The backdrop to the government’s refusal to make these vital education support jobs permanent includes spending projections that point to a $6 billion shortfall for the school system by 2027. This, according to Ontario’s Financial Accountability Office, will need to be addressed either “by allocating more funding to the ministry or by introducing measures that will lower program costs.”

The Ford government’s past behavior suggests that cuts will be its most likely recourse. Just last year, before its budget was announced, as it plotted to cut its temporary COVID-19 funds, the government ordered school boards to prepare for thousands of “redundancies.” When asked about it, the government blamed education workers for complaining.

In its first offer to CUPE, the Ford government was unabashed about its desire to rein in education spending:

These uncertainties combined with the highest debt of any subnational jurisdiction in the world are the key factors for consideration regarding sustainability of labor agreements, not revenue alone as suggested by CUPE/OSBCU. Between 2019-20 and 2022-23, for every additional dollar in revenue, the government spends $1.37. This is going to support health care, education, pandemic recovery, and economic growth. While the Crown and CTA are committed to a fair deal, it must not compromise the fiscal sustainability of the publicly funded education system.

Premeditated Attacks

This latest attack on job security from the Ford government is part of an ongoing pattern. At the start of talks, the government strongly hinted that it would introduce legislation to crush the union if it fought back. No reasonable person could see any other way, at the initial offer proposed, to both impose wage and benefit cuts onto workers, and to “keep kids in class.”

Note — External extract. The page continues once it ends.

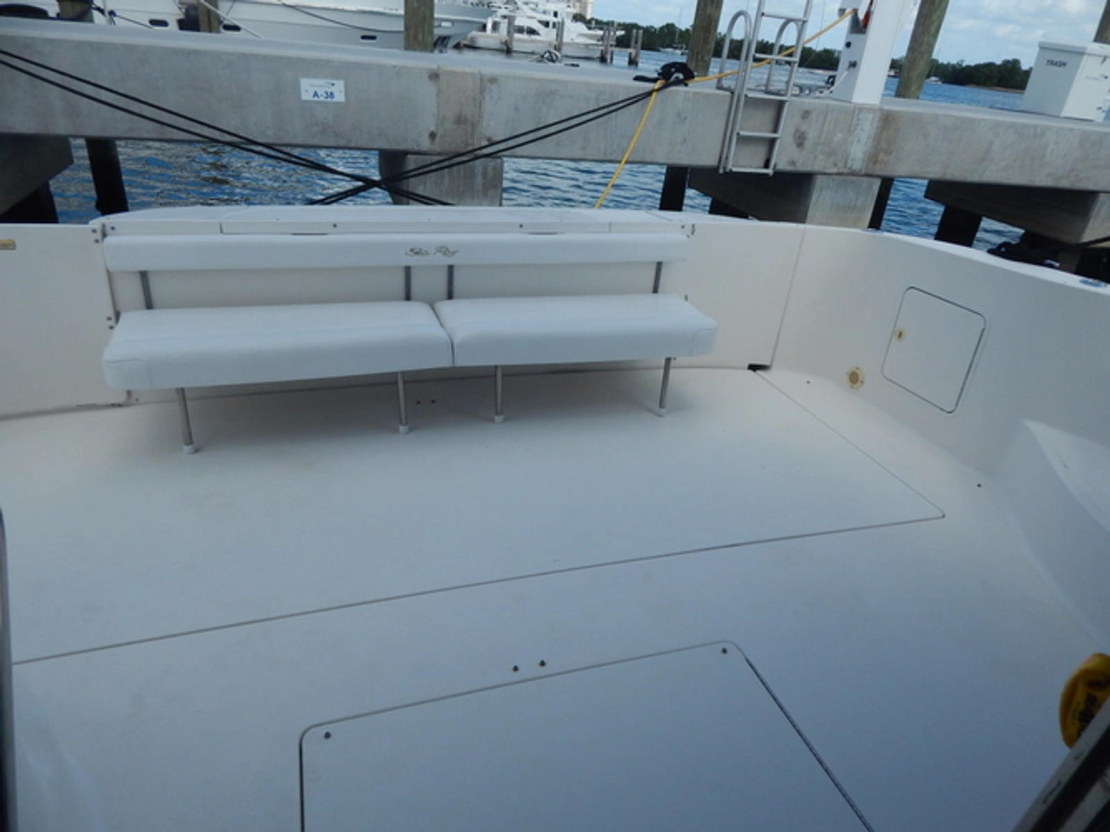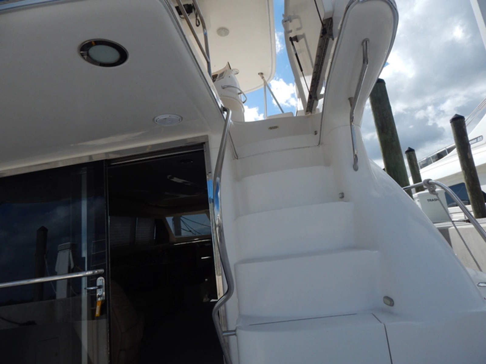 Wide, molded steps lead to the spacious aft cockpit where there's extra seating space and storage bins, as well as a transom door that opens onto an extra wide swim platform.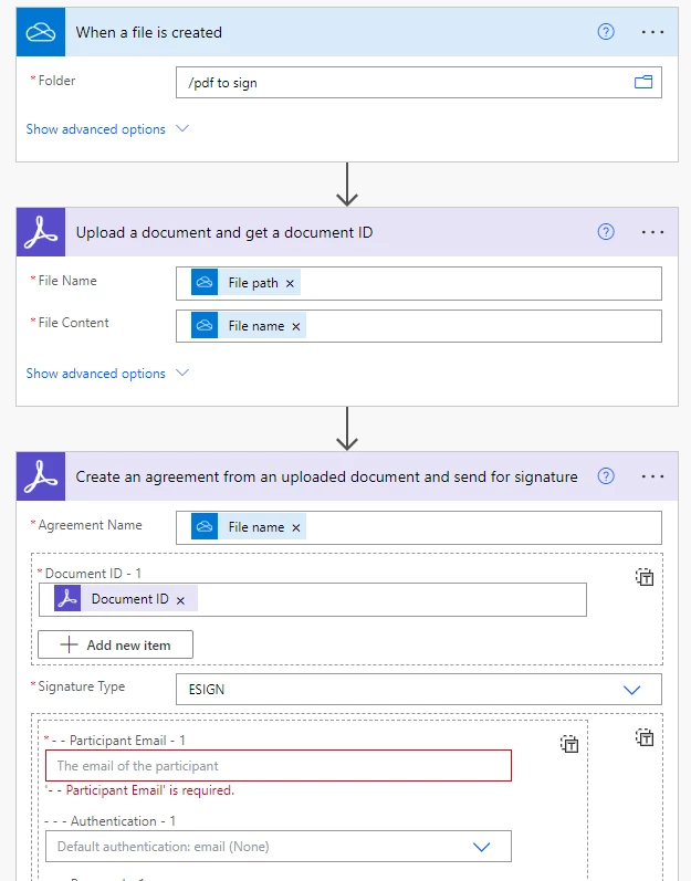 I am using Power Automate to create a flow for Adobe signature purposes. Basically when a pdf is created in a specific folder it is sent to Adobe for an ID. It is then supposed to create an agreement and upload for signature. Unfortunately i get a generic error that the Document Upload has encountered a probelm. I can see the document in the Adobe center but when i click it nothing populates. Outside of Adobe i can see, edit, and print the pdf document as normal. Attached you will find the power automate flow minus the email I am sending to.

In September, Ford boasted that he would not “roll over” and “give the unions what they want.” Lecce, meanwhile, warned “Education unions need to get on board with keeping kids in class without disruption.” Later, Lecce insisted that his threats were meant “philosophically” — even as Ford threatened “There’s only so long my patience can last with the head of the unions.”

Overall, the message was the same. From the start, this government has pushed cuts and precarity. Facing resistance from workers, the government has doubled down again and again — threatening to do all it can to reach the endgame of depriving labor of its constitutional right to strike.

The union has charged that the minister was in the process of drafting the draconian Bill 28 well before the union’s strike deadline. The bill is oddly comprehensive. It contains a full, revised contract and clauses overriding human rights law, constitutional protections, and more, in anticipation of all legal methods of recourse.

While it is hard to know when the bill was prepared, it is clear that the government had hoped to make an example of CUPE. If the thoroughness of the bill was preplanned, more was at stake than just the first-round education contract talks — CUPE’s fifty-five thousand education workers are also the school board component of Canada’s largest union, representing nonprofessionals in many cases. Managing these workers’ expectations downward would, for this government, have a clear multiplier effect.

Across the public sector, these aims were laid out quietly in the government’s line-by-line “spending review”—A Modernization Action Plan for Ontario by Ernst & Young (EY). “This is an opportunity,” the EY review promised.

The fifty-page report suggested that the Ford government should centralize collective bargaining across the broader public sector — “including transfer payment recipients” — to “control” compensation and impose an “agile workforce dynamic” on the workforce more generally.

It suggested replacing, wherever possible, full-time, permanent staff with more-precarious hires. And, finally, it advised the Ford government to find ways to expand existing privatization schemes — “imposing competitive pressure on public sector providers” by “expanding market activity and discipline.”

If the Ford government’s actions were all in-line with the EY spending review, breaking CUPE is the first step to breaking the labor movement more generally. But CUPE’s first round of strikes put sand in the gear of this plan. And the forthcoming strike will hopefully lay it to rest permanently.